What if our heroes were never really heroes at all?

The Searchers, directed by John Ford and starring John Wayne, is the film that I believe moved the Western into an entirely new direction. While this movie is placed in the "Cowboy and Indian" setting, that is not what is about. This is a film about racism, obsession and the desperate, aching loneliness of one man. This man is Ethan Edwards, John Wayne in one of his greatest performances, an ex-confederate soldier who heads West to visit his family after the Civil War.

Upon Ethan's arrival we see a burning racial hatred towards Indians. Ethan sees Martin Pawley (Jeffery Hunter), a one-eighth Indian, and even that is far too much for him to accept. Quickly after Ethan arrives at his brother's home, a band of Comanche Indians raid the home and kidnap Ethan's two nieces. Ethan and Martin set out on a quest to find the girls and bring them back. Sadly, shortly into the trip the older niece is found brutally murdered. When one of the characters asks Ethan what happened to the girl he lets out an explosion of rage onto the screen. This is John Wayne at his finest.

The rest of the movie is about Ethan and Martin's five year long search for the younger niece, Debbie (Natalie Wood). The relationship between the two men is a mystery to us. They spend years living together in the vast desert wilderness but, Ethan is never able to accept Martin because of his Indian heritage. The hatred runs too deep and has festered for too long. Martin never falters though, he continues on with Ethan and seems to almost study him in the letters he writes to his fiance back home.

Many things happen over the half a decade search for Debbie but none are more powerful than a scene where Ethan and Martin are hunting buffalo. In a confusing and disturbing act Ethan begins to shoot and kill every buffalo he sees. He begins to scream, "At least they won't feed Comanche this winter." It is the mysterious acts like these that lead Martin to a horrific truth, Ethan is not searching for Debbie. He is hunting her. He cannot accept that she lives among the Comanches now, his hatred will not allow it. This hunt has become an obsession. The quest is his life.

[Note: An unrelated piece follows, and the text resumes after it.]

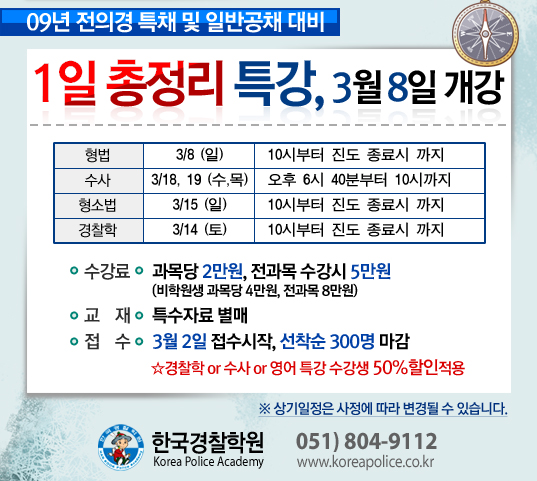 글제목 :      09년 전의경 특채 및 일반공채 대비 1일 총정리 특강개강!

I will not ruin the ending for you, I will simply say that it is one of the most touching scenes ever filmed. In the end, however, we see Ethan the same way that we met him. He is silhouetted in the door frame, alone and almost forgotten. He is a defeated soldier who no longer has a place in the world. His time has passed, just like the West he lives in.

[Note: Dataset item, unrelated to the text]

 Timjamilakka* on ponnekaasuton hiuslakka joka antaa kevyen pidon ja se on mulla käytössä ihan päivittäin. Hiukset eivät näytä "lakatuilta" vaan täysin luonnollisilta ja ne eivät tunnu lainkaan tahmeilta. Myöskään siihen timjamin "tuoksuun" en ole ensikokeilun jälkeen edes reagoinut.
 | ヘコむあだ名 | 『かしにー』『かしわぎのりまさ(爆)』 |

This, in my opinion is John Ford's greatest movie. It inspired other films such as Martin Scorsese's Taxi Driver, Paris, Texas and even Star Wars. This movie changed the way we looked at our mythical heroes of the West. In many ways, this movie destroyed its own genre. Audiences didn't want these flawed anti-heroes, black and white was easier for them to digest. It has only been with time that we have truly grown to appreciate this milestone in American cinema; time and understanding.

This Friday night you should be watching:

The Searchers

2 comments:

  1. This was an awesome post, i am def going to be following you!!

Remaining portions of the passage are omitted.